[Provided records]:
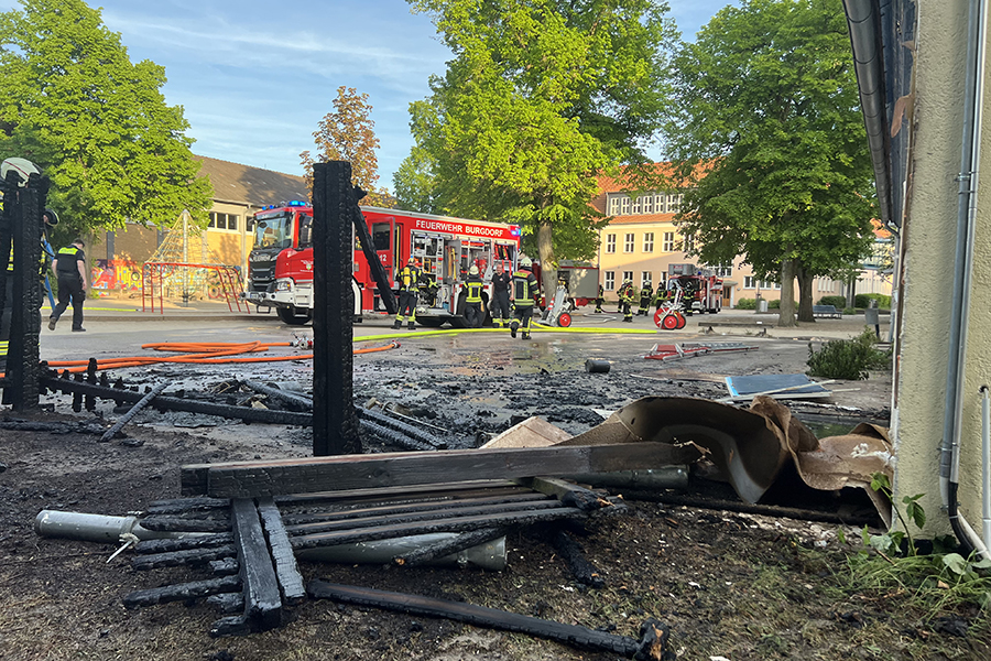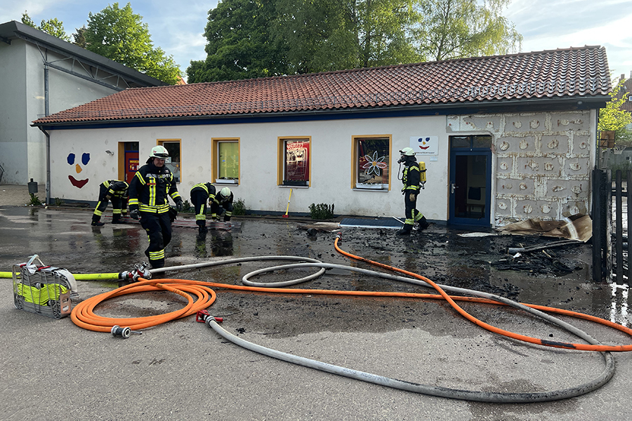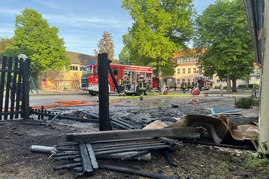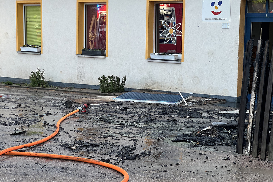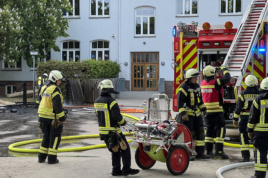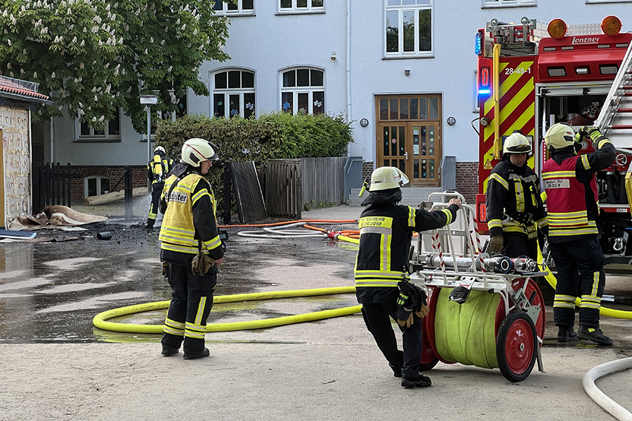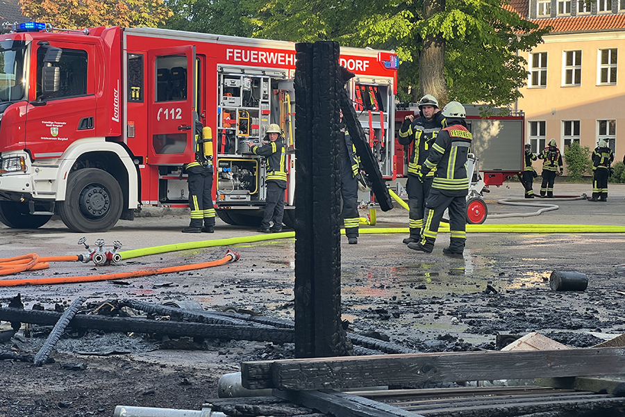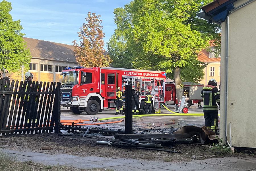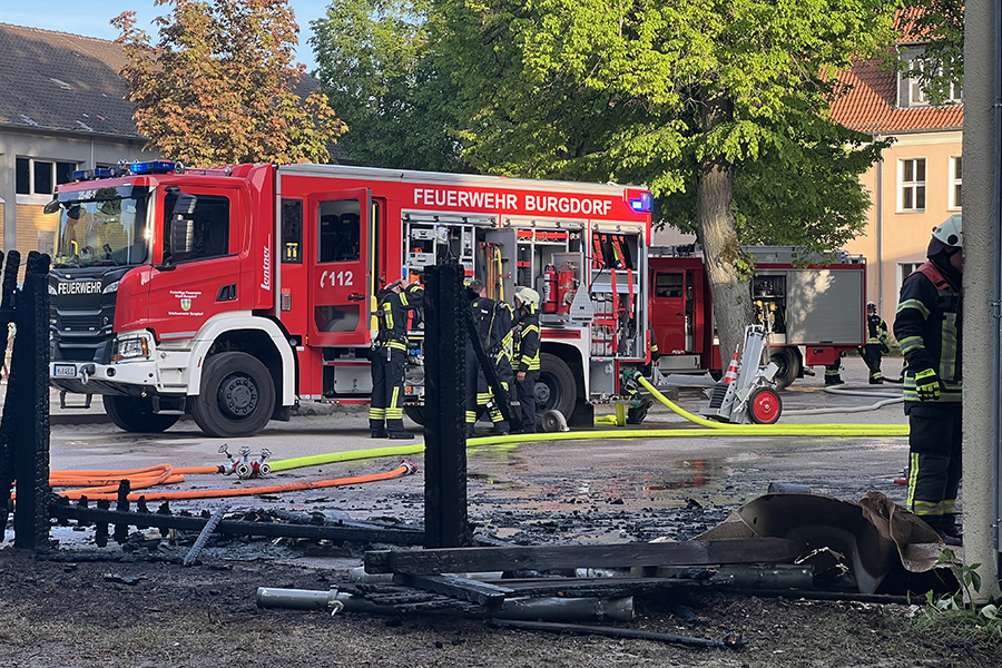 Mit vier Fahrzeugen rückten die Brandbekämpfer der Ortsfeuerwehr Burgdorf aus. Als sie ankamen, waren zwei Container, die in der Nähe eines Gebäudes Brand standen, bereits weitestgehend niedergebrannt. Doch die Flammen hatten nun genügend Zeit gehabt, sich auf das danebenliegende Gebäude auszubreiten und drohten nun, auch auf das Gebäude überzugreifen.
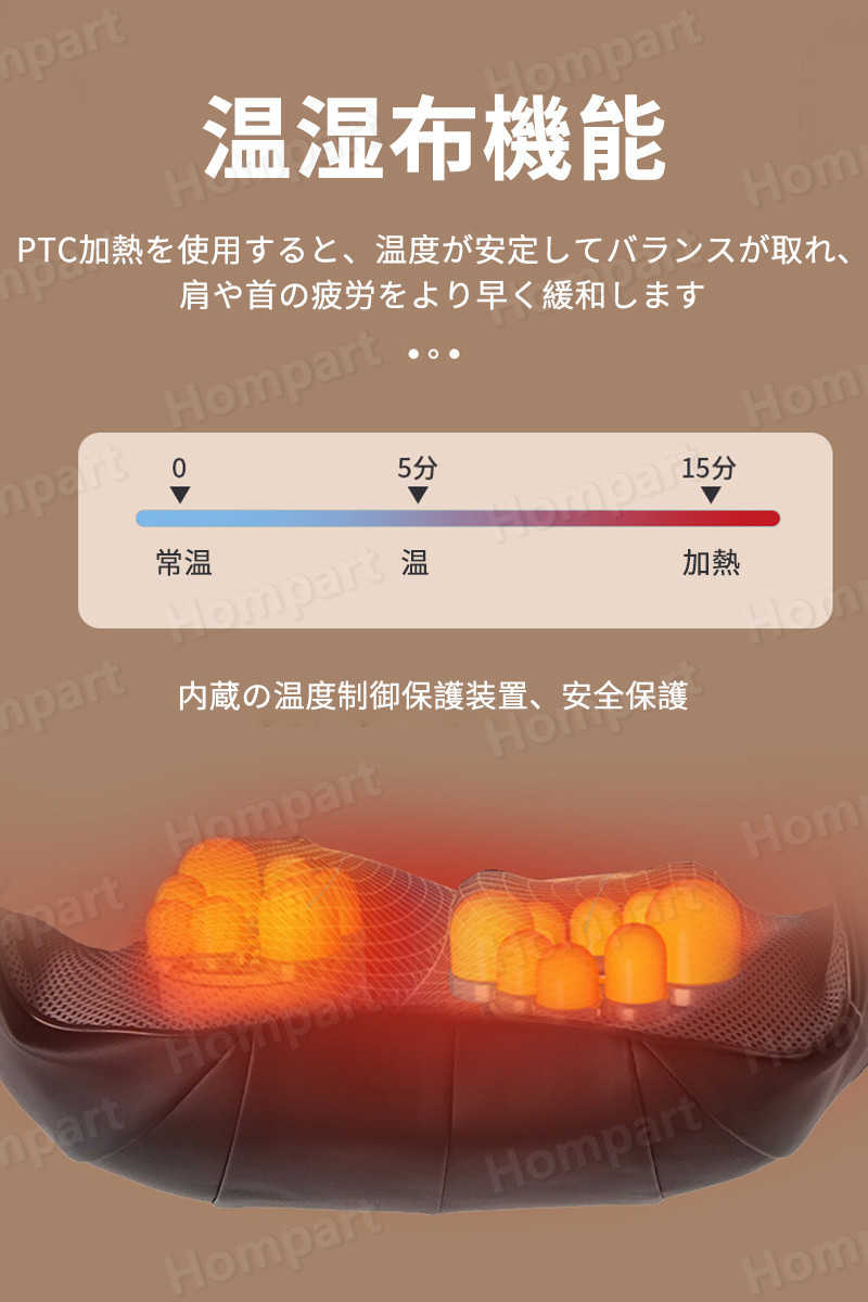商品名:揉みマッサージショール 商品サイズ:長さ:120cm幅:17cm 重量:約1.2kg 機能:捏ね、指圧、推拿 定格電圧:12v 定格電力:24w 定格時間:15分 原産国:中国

---

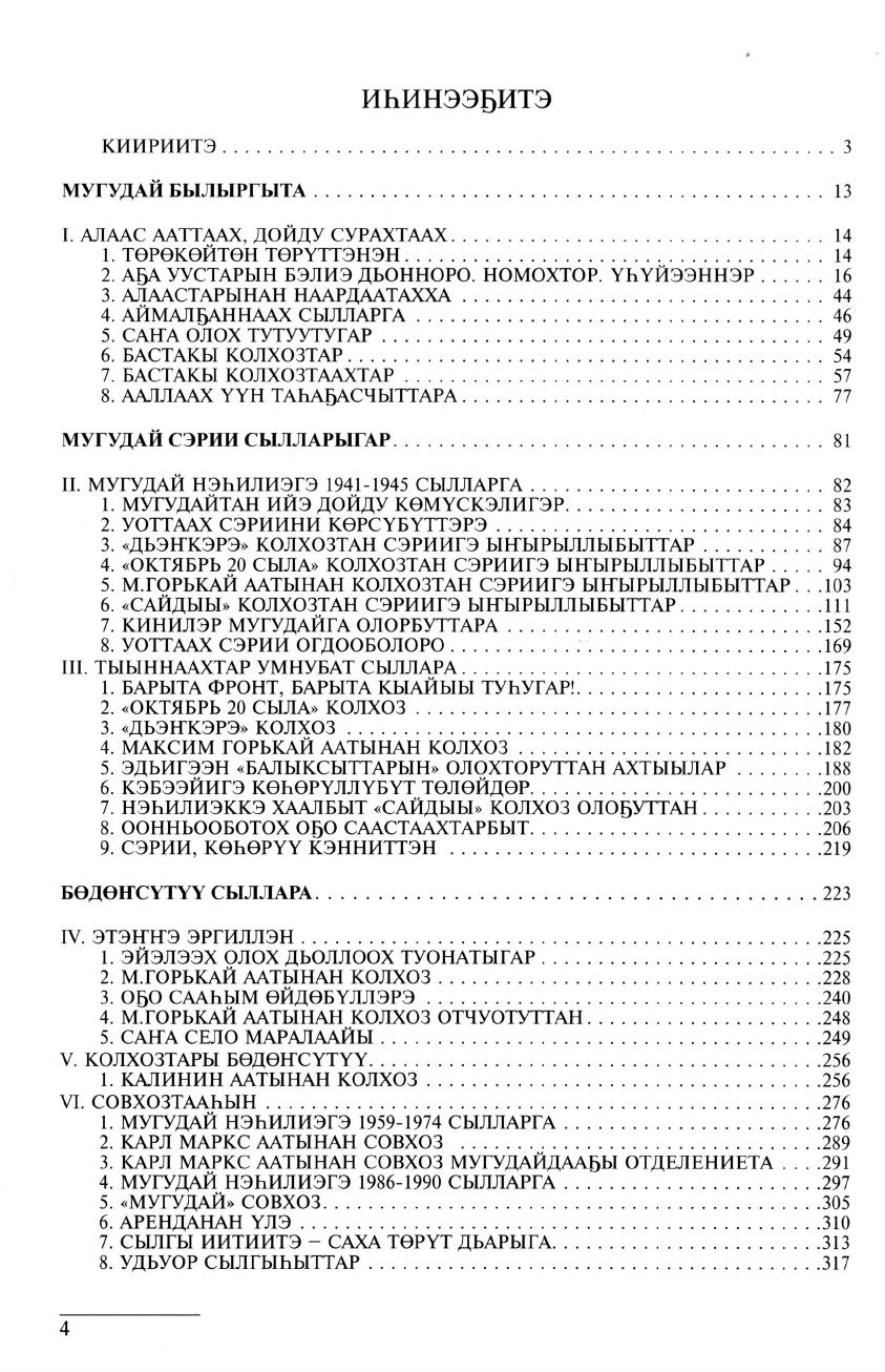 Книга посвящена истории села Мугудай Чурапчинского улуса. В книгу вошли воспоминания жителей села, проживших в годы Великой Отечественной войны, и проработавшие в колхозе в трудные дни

[Your objective]:
Leaving pictures out, output the lines of the data above from the one with "Mit vier Fahrzeugen" through the one with "商品名:揉みマッサージショール 商品サイズ:長さ:120cm幅:17cm 重量:約1.2kg", word for word.

[Result]:
 Mit vier Fahrzeugen rückten die Brandbekämpfer der Ortsfeuerwehr Burgdorf aus. Als sie ankamen, waren zwei Container, die in der Nähe eines Gebäudes Brand standen, bereits weitestgehend niedergebrannt. Doch die Flammen hatten nun genügend Zeit gehabt, sich auf das danebenliegende Gebäude auszubreiten und drohten nun, auch auf das Gebäude überzugreifen.
商品名:揉みマッサージショール 商品サイズ:長さ:120cm幅:17cm 重量:約1.2kg 機能:捏ね、指圧、推拿 定格電圧:12v 定格電力:24w 定格時間:15分 原産国:中国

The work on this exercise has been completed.